The present application is described with reference to flowchart illustrations and/or block diagrams of methods, apparatus (systems), and computer program products according to the application. It will be understood that each flow and/or block of the flow diagrams and/or block diagrams, and combinations of flows and/or blocks in the flow diagrams and/or block diagrams, can be implemented by computer program instructions. These computer program instructions may be provided to a processor of a general purpose computer, special purpose computer, embedded processor, or other programmable data processing apparatus to produce a machine, such that the instructions, which execute via the processor of the computer or other programmable data processing apparatus, create means for implementing the functions specified in the flowchart flow or flows and/or block diagram block or blocks.

These computer program instructions may also be stored in a computer-readable memory that can direct a computer or other programmable data processing apparatus to function in a particular manner, such that the instructions stored in the computer-readable memory produce an article of manufacture including instruction means which implement the function specified in the flowchart flow or flows and/or block diagram block or blocks.

These computer program instructions may also be loaded onto a computer or other programmable data processing apparatus to cause a series of operational steps to be performed on the computer or other programmable apparatus to produce a computer implemented process such that the instructions which execute on the computer or other programmable apparatus provide steps for implementing the functions specified in the flowchart flow or flows and/or block diagram block or blocks.

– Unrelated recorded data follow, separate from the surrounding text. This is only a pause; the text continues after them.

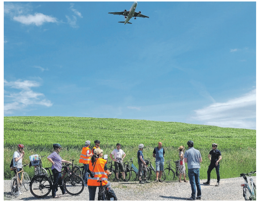
Die Teilnehmenden erhielten vertiefte Einblicke in die Planung der Stadtentwicklung.

Was halten Sie von den aufgezeigten Veränderungen in Themen wie Arbeiten, Wohnen, Erholung, Biodiversität, Klima
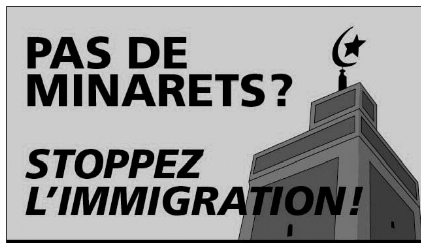
Aufkleber der Jeunesse Identitaire Genève

Problematischer Gast: Ende Juni hielt sich der britische Bischof und Holocaust-Leugner Richard Williamson im Unterwallis auf. Er nahm im Weiler Ecône an Priesterweihen der erzkonservativen Pius-Bruderschaft teil. Gegenüber einem schwedischen Fernsehsender hatte Williamson 2008 den Massenmord an den Jüdinnen und Juden während der NS-Diktatur stark relativiert: «Ich glaube, es gab keine Gaskammern.» Das deutsche Amtsgericht Regensburg hatte ihn deswegen zu einer Busse von 10'000 Euro verurteilt.
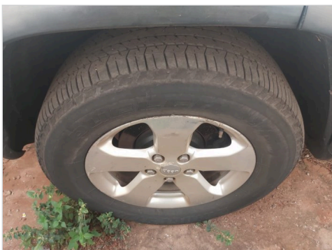
PNEU DIANTEIRO ESQUERDO
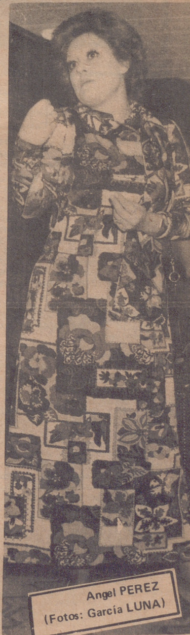
Angel PEREZ

Es Emma Penella, una de las mejores actrices del cine español.
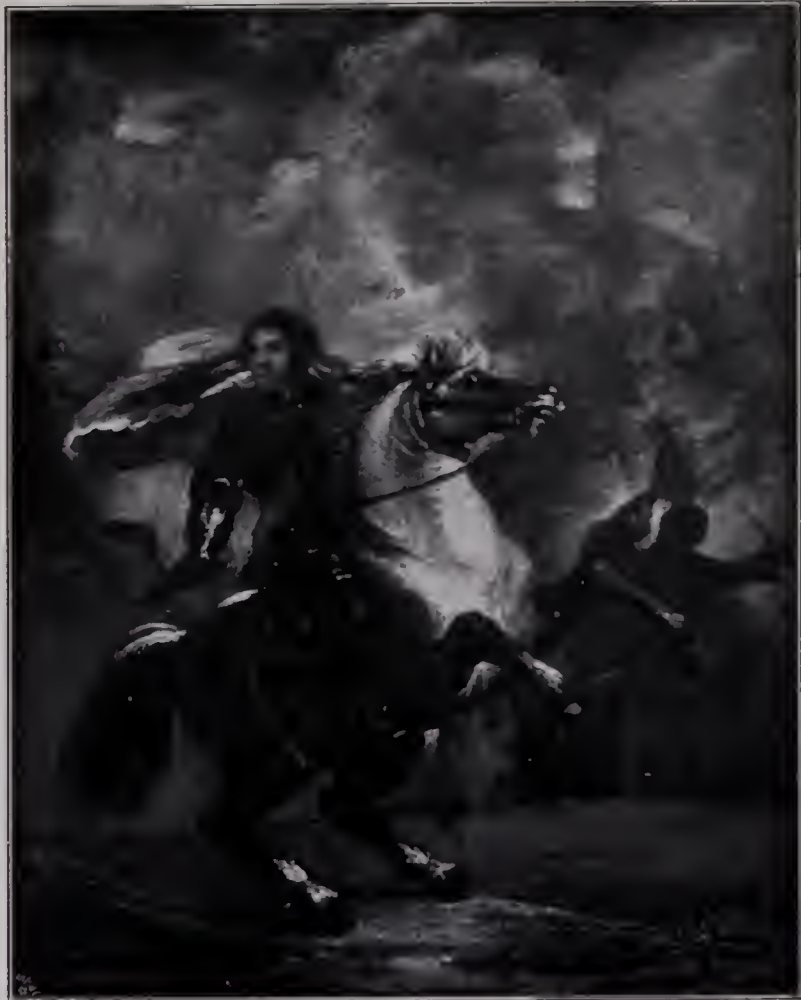
Abb. 33. Schlachtenbild (Reiterporträt eines Generals). Ludwick Gallery. (Zu Seite 116.)

Die Stellung, die Reynolds zu den italienischen Meistern einnahm, mit deren Studium er nun begann, ist so merkwürdig bezeichnend für seine ganze Art und Kunst, für den Maler wie für den Menschen in ihm und für seine spätere Entwicklung, daß wir ein wenig ausführlicher dabei verweilen müssen. Wieder erhebt sich das große Rätsel des eigentümlichen Zwiespalts, der sich durch sein ganzes Leben hindurchzieht: daß er als Schaffender und als Denkender ein völlig verschiedenes Antlitz zeigt, weil er sich selbst
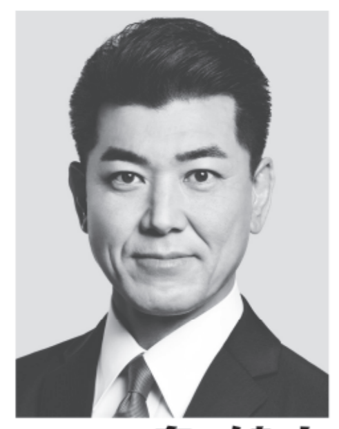
立憲民主党 代表 泉 健太
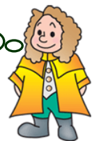
本学マスコットキャラクター ラマティー
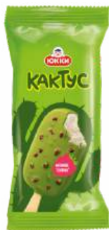
ДЕСЕРТ "ЮККИ" КАКТУС С КУСОЧКАМИ СУШЕНОЙ МАЛИНЫ ЗАМ., 60 Г
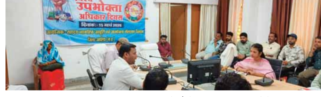
उमरिया उपभोक्ता अधिनियम उपभोक्ताओं के संरक्षण संबंधी कानून तो

जिले के कलेक्टर सभाकार में आज 15 मार्च विश्व उपभोक्ता दिवस के रूप में मनाया गया जिसका उद्देश्य उपभोक्ताओं को उनके अधिकार के बारे में जागरूक करना एवं उपभोक्ता संबंधी कानून का उपयोग कैसे करें बताना होता है, आज की स्थिति में हर 10 में से एक उपभोक्ता पीड़ित है, जो कहीं ना कहीं किसी न किसी माध्यम से ठगी का शिकार हो रहा है,
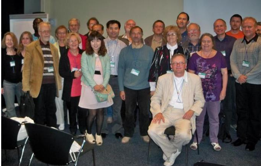
Treffen von esperantosprachigen Journalisten in Kopenhagen

Der Journalisten-Weltverband Tutmonda Esperantista Ĵurnalista Asocio , kurz TEĴA, wurde 1946 in Schweden gegründet und 2008 in Vilnius neu organisiert. Als juristische Persönlichkeit wurde er 2008 in Litauen registriert.
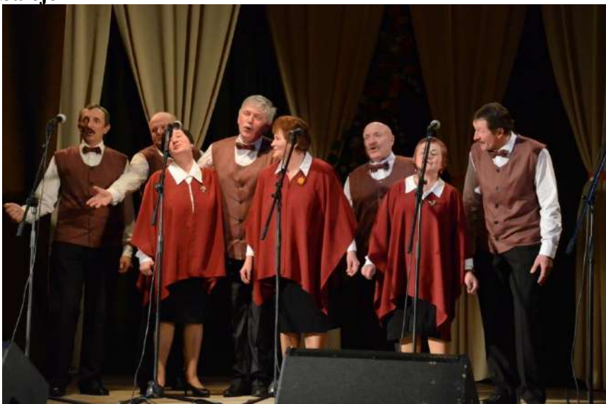
Kolektyvas iš Alantos pelnė žiūrovų simpatijas
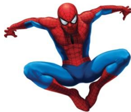
Spindelmannen / Spider man
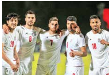
تیم ملی فوتبال ایران در آستانه صعود به جام جهانی ۲۰۲۶ قرار گرفت. تیم ملی فوتبال کشورمان برای حضور در رقابت‌های جام جهانی ۲۰۲۶ شانس بالایی دارد. تیم ملی ۱۶ امتیاز با ۴ امتیاز از دو بازی مقابل امارات و ازبکستان جشن صعود می‌گیرد.
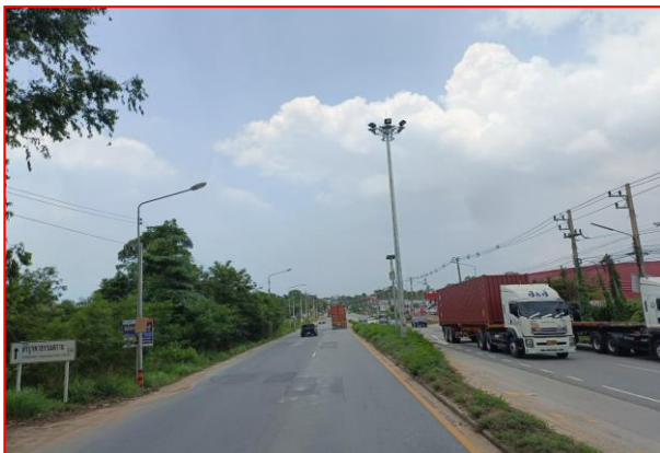
กม.ที่ ๗+๓๐๐ LT

It will be apparent to those skilled in the art that various changes and modifications may be made in the present application without departing from the spirit and scope of the application. Thus, if such modifications and variations of the present application fall within the scope of the claims of the present application and their equivalents, the present application is intended to include such modifications and variations as well.

Claims

1. A method for training a federated learning model is characterized by comprising the following steps:

2. The method of claim 1, wherein the regularization constraint determined based on the global model parameters of the server and the local model parameters of the client comprises:

3. The method of claim 1, wherein a final loss function for the local model parameters is determined according to equation (1) below;

wherein the content of the first and second substances,

participating in the local modelFinal loss function of number, J (W)⁽ⁱ⁾) As a loss function of the local model parameters, J_T-S(W⁽ⁱ⁾) For the regularization constraint, β are coefficients of the regularization constraint.

4. The method of claim 1, wherein the local model parameters for the kth iterative training are determined according to the following formula (2);

the gradient of the original loss function for the local model parameters,

5. A method for training a federated learning model is characterized by comprising the following steps:

6. The method of claim 5, wherein the global model parameters for the kth iteration are determined according to the following equation (3);

7. The utility model provides a trainer of bang's learning model which characterized in that includes:

8. The utility model provides a trainer of bang's learning model which characterized in that includes:

9. A computing device, comprising:

a memory for storing program instructions;

a processor for calling program instructions stored in said memory to perform the method of any one of claims 1 to 4 or 5 to 6 in accordance with the obtained program.

10. A computer-readable storage medium having stored thereon computer-executable instructions for causing a computer to perform the method of any one of claims 1 to 4 or 5 to 6.